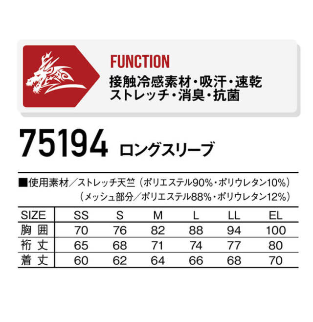 | 製品名: | ジードラゴン Z-DRAGON 接触冷感 ロングスリーブ 75194 コンプレッション インナー 自重堂 |
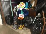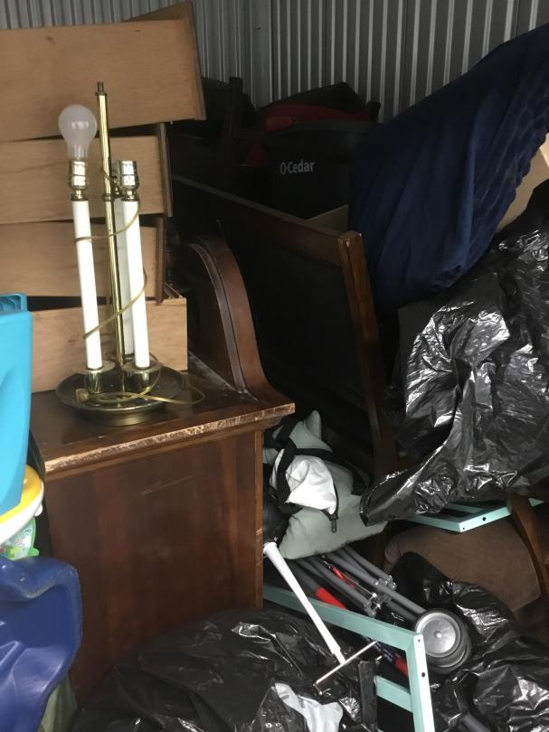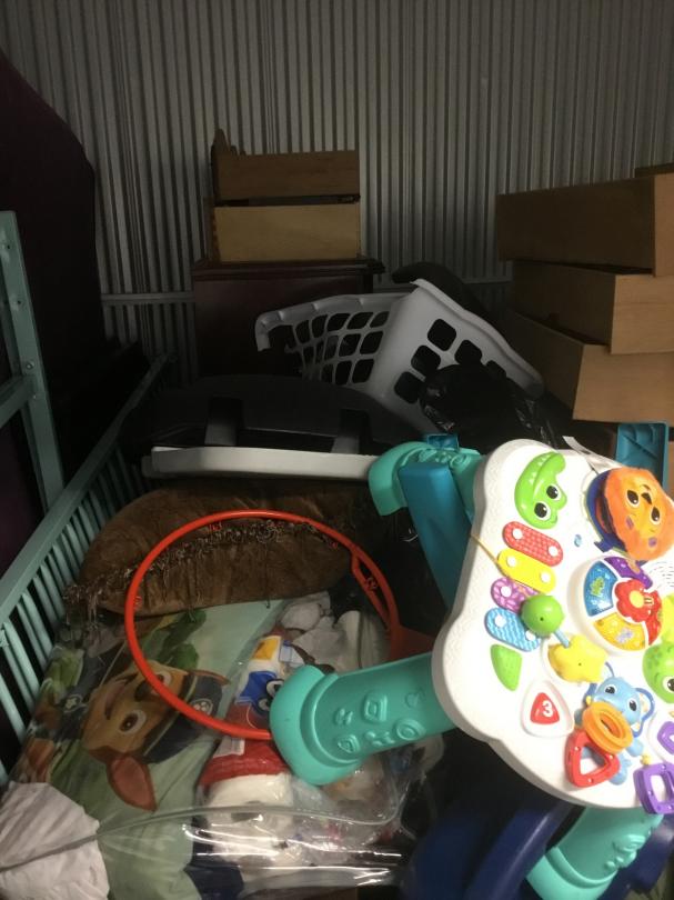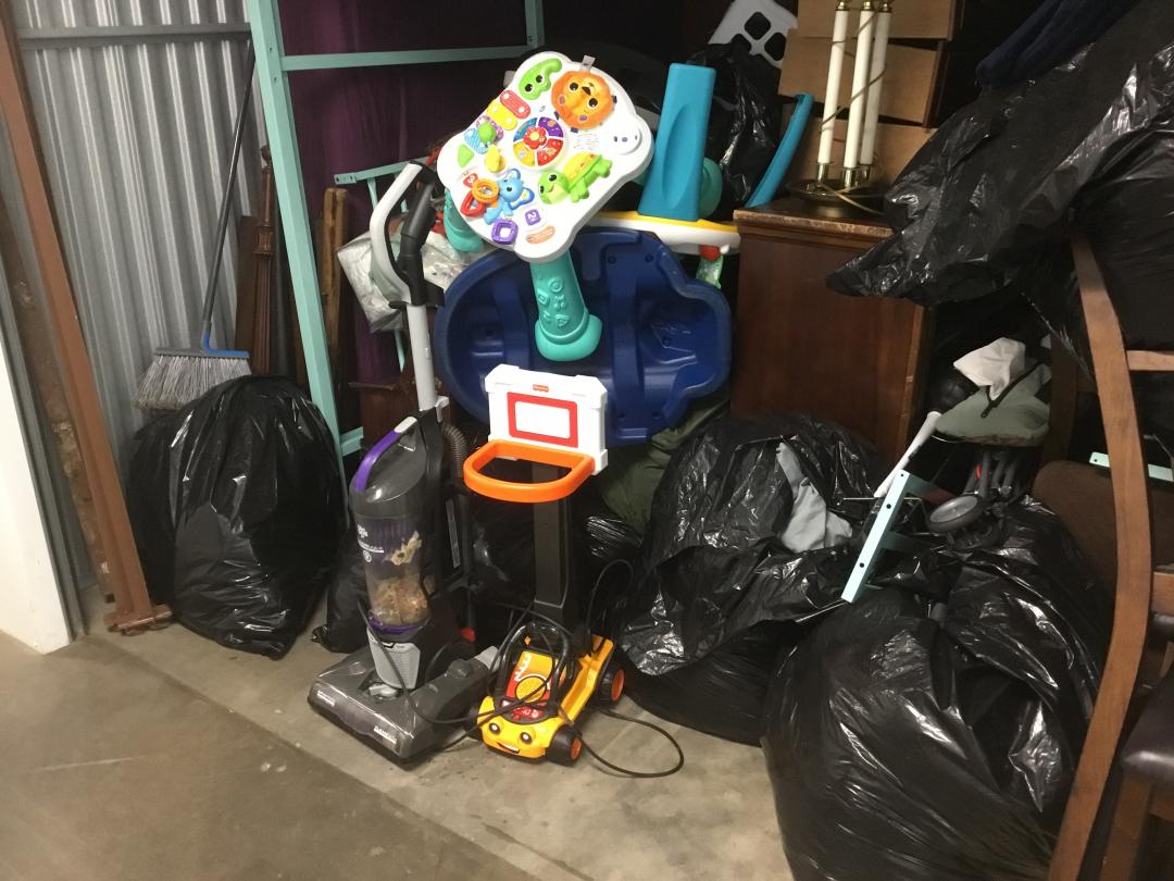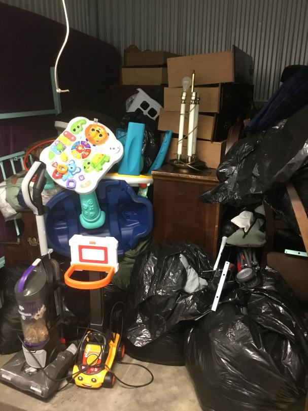 This unit appears to contain…mattress, stroller, dresser, kids toys, lamps, couch, vacuums, bags
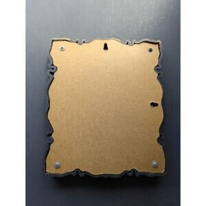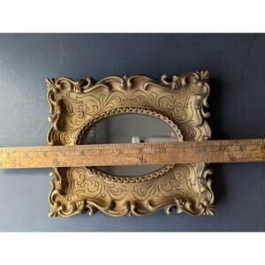 Vintage composite/plastic wall mirror, gold finish with oval mirror. Approx. 7.5”w x 8.75”h x 1”d. Mirror is approx. 5.5”h x 3.5”w. Made of hard plastic with gold faux wood look.
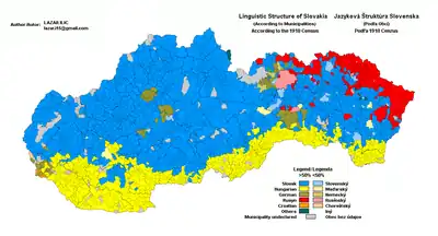 Slovak (official) 81.77%, Hungarian 8.48%, Roma 1.84%, Rusyn 0.71%, other or unspecified 7.2% (2021 census)
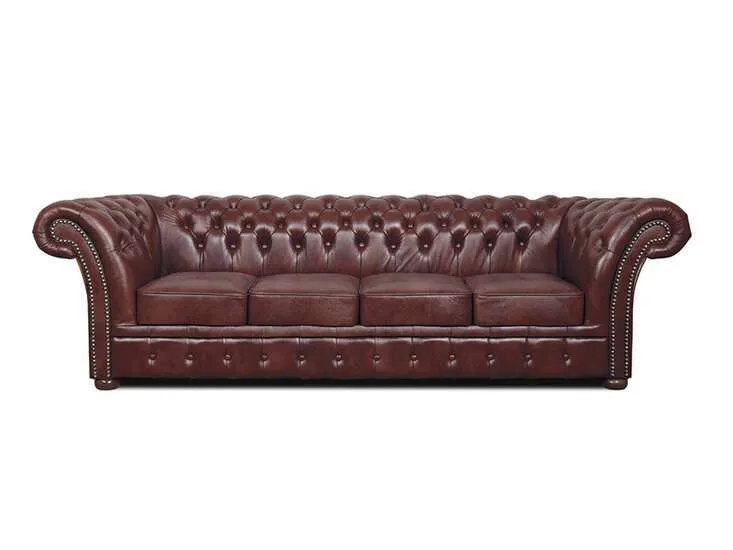 Chesterfield Winfield Basic leather 4-sjedišta sofa Cloudy RedZanatska ruka u ovoj Chesterfield sofi od goveđe kože Winfield jasno je prepoznatljiva po prekrasno završenim detaljima, poput zakovica i udobnih naslona za ruke i leđa.Jedan od najvažnijih materijala pri proizvodnji dobrog Chesterfielda je koža. Namještaj Chesterfield ručno je izrađen od visokokvalitetne polu-anilinske kože, koja se zatim lakira.Okvir je izrađen od bukovog drveta, koje je zalijepljeno i vijčano. Duga tradicija zanatstva vidljiva je kroz udobnost i izgled Winfielda.Chesterfield model ‘Winfield’ je model koji svi poznajemo kao pravi Chesterfield. Ovaj model Chesterfielda od goveđe kože također je dostupan u vintage koži i tkanini.Certifikat autentičnosti i premijsko jamstvo osiguravaju se standardno prilikom kupnje svakog komada namještaja. Tehnički podaci
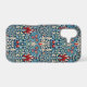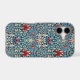 Intricate floral pattern with red, cream, and green leaves on a blue background. Symmetrical design evokes a classic, elegant, and ornate feel.
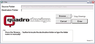 X-Files will make a list of all referenced documents, then if drawings is selected, open each drawing in the current working directory to check its list of references against the referenced document list, if any drawing referenced files match then the drawing will also be copied to the destination directory along with the previously listed parts and sub-assemblies. X-Files has been extensively tested on SolidWorks® versions 2003, 2004, 2005 and 2006.
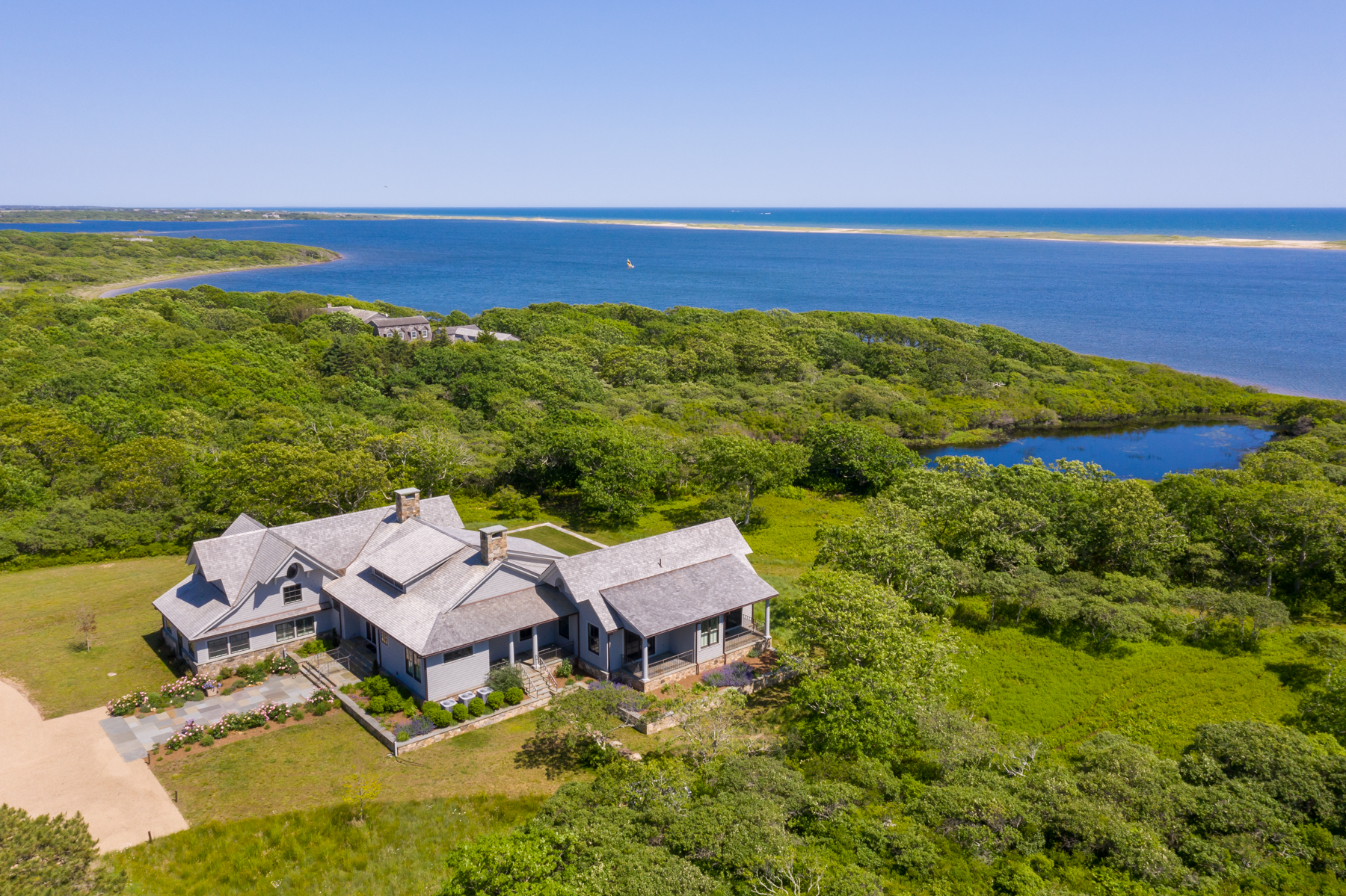 Rarely does a brand new home become available in such a distinguished neighborhood. Set on 14 waterfront acres in Boldwater on the south shore of Martha’s Vineyard stands this 4,250 sq foot home built to the very highest specifications. The open floor plan allows the entire family to gather in the Great Room with living, dining, and kitchen areas all combined beneath soaring cathedral ceilings. The bedrooms are large and offer gorgeous water views. There are several outdoor spaces to take full advantage of the stunning natural surroundings. In the morning you can sit and enjoy a cup of coffee while you watch the osprey swoop and soar to the background music of the ocean waves. The screened porch is a gathering place in the evenings before dinner is served. A short boardwalk leads to your private shoreline on the shores of Edgartown Great Pond, where a mere 10-minute boat ride has you stepping into the barrier beach and the great Atlantic Ocean. There are recreational opportunities for young, old, and everyone in-between - sailing, paddle boarding, kayaking, swimming, fishing, surfing, and many miles of trails for walking or biking right from your back door. Guest house and swimming pool are permitted.

## EXERCISE DIRECTIONS:
Would you output the full listing exactly as it stands, minus the images?

## OUTPUT:
 | 製品名: | ジードラゴン Z-DRAGON 接触冷感 ロングスリーブ 75194 コンプレッション インナー 自重堂 |
 This unit appears to contain…mattress, stroller, dresser, kids toys, lamps, couch, vacuums, bags
 Vintage composite/plastic wall mirror, gold finish with oval mirror. Approx. 7.5”w x 8.75”h x 1”d. Mirror is approx. 5.5”h x 3.5”w. Made of hard plastic with gold faux wood look.
 Slovak (official) 81.77%, Hungarian 8.48%, Roma 1.84%, Rusyn 0.71%, other or unspecified 7.2% (2021 census)
 Chesterfield Winfield Basic leather 4-sjedišta sofa Cloudy RedZanatska ruka u ovoj Chesterfield sofi od goveđe kože Winfield jasno je prepoznatljiva po prekrasno završenim detaljima, poput zakovica i udobnih naslona za ruke i leđa.Jedan od najvažnijih materijala pri proizvodnji dobrog Chesterfielda je koža. Namještaj Chesterfield ručno je izrađen od visokokvalitetne polu-anilinske kože, koja se zatim lakira.Okvir je izrađen od bukovog drveta, koje je zalijepljeno i vijčano. Duga tradicija zanatstva vidljiva je kroz udobnost i izgled Winfielda.Chesterfield model ‘Winfield’ je model koji svi poznajemo kao pravi Chesterfield. Ovaj model Chesterfielda od goveđe kože također je dostupan u vintage koži i tkanini.Certifikat autentičnosti i premijsko jamstvo osiguravaju se standardno prilikom kupnje svakog komada namještaja. Tehnički podaci
 Intricate floral pattern with red, cream, and green leaves on a blue background. Symmetrical design evokes a classic, elegant, and ornate feel.
 X-Files will make a list of all referenced documents, then if drawings is selected, open each drawing in the current working directory to check its list of references against the referenced document list, if any drawing referenced files match then the drawing will also be copied to the destination directory along with the previously listed parts and sub-assemblies. X-Files has been extensively tested on SolidWorks® versions 2003, 2004, 2005 and 2006.
 Rarely does a brand new home become available in such a distinguished neighborhood. Set on 14 waterfront acres in Boldwater on the south shore of Martha’s Vineyard stands this 4,250 sq foot home built to the very highest specifications. The open floor plan allows the entire family to gather in the Great Room with living, dining, and kitchen areas all combined beneath soaring cathedral ceilings. The bedrooms are large and offer gorgeous water views. There are several outdoor spaces to take full advantage of the stunning natural surroundings. In the morning you can sit and enjoy a cup of coffee while you watch the osprey swoop and soar to the background music of the ocean waves. The screened porch is a gathering place in the evenings before dinner is served. A short boardwalk leads to your private shoreline on the shores of Edgartown Great Pond, where a mere 10-minute boat ride has you stepping into the barrier beach and the great Atlantic Ocean. There are recreational opportunities for young, old, and everyone in-between - sailing, paddle boarding, kayaking, swimming, fishing, surfing, and many miles of trails for walking or biking right from your back door. Guest house and swimming pool are permitted.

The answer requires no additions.